# Which license for mullet



## Tomcat (Feb 13, 2008)

Do you need salt or fresh water license for mullet fishing in the Chactawhatchee river?

Thanks,

Tomcat


----------



## Midnight Rider (Sep 30, 2007)

Im going to say salwater because they are a saltwater spieces.


----------



## Halfmoon (Oct 3, 2007)

If your fishing in freshwater it's freshwater. Because they can live in both fresh and saltwater.

Because where I grew up. If the saltwater fish would come up to the springs during the winter I needed a freshwater Lic on board. Got a ticket for that.

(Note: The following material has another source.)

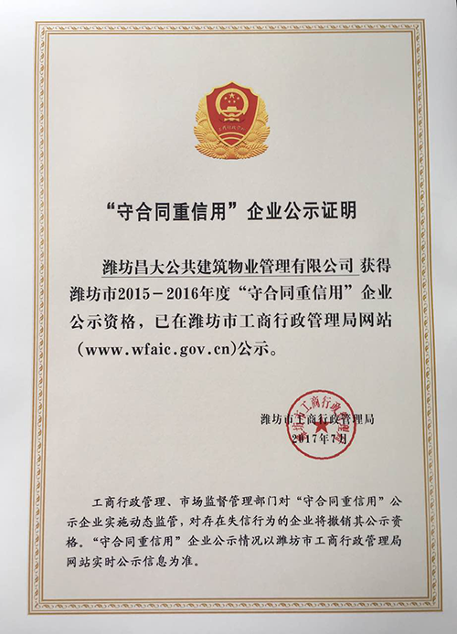 近日,濰坊市工商行政管理局公布了“濰坊市2015--2016年度“守合同重信用”企業(yè)公示名單。濰坊昌大公共建筑物業(yè)管理有限公司獲此殊榮。榮獲“守合同重信用”企業(yè)稱號,是我市政府部門及社會各界對“昌大公管公司”長期以來堅持誠信經(jīng)營、嚴守合同的充分肯定,也體現(xiàn)了“昌大公管公司”良好的企業(yè)信譽。 ......
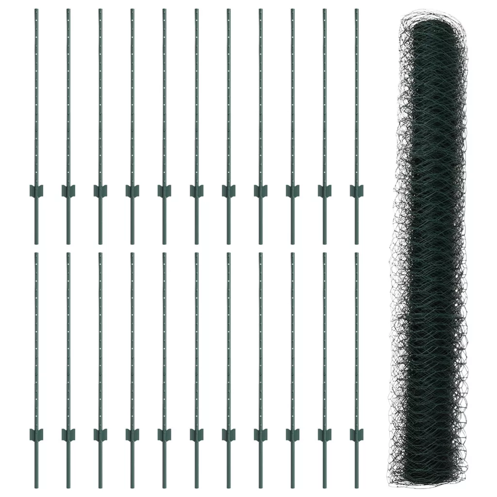 Kerítés Oszlopok 11 db U-csatornai Zöld 100 cm Acél

But it could be different now. That was 17 years ago. Call Fish and Game.


----------



## Telum Pisces (Sep 27, 2007)

The last time I spoke with someone in the know about which license you needed, he said that it depended on which species you were targeting. Since there is brackish waters etc... And since it's a posession law, it depends on which fish you are going after and what's in the fish box. But just give FWC a call to double check.


----------



## Tomcat (Feb 13, 2008)

A friend of mine and I were discussing this before we went mullet fishing so I played it safe and got both salt and fresh water. Thanks for the replies.


----------



## FlounderAssassin (Sep 28, 2007)

That was your best bet...now your covered either way!


----------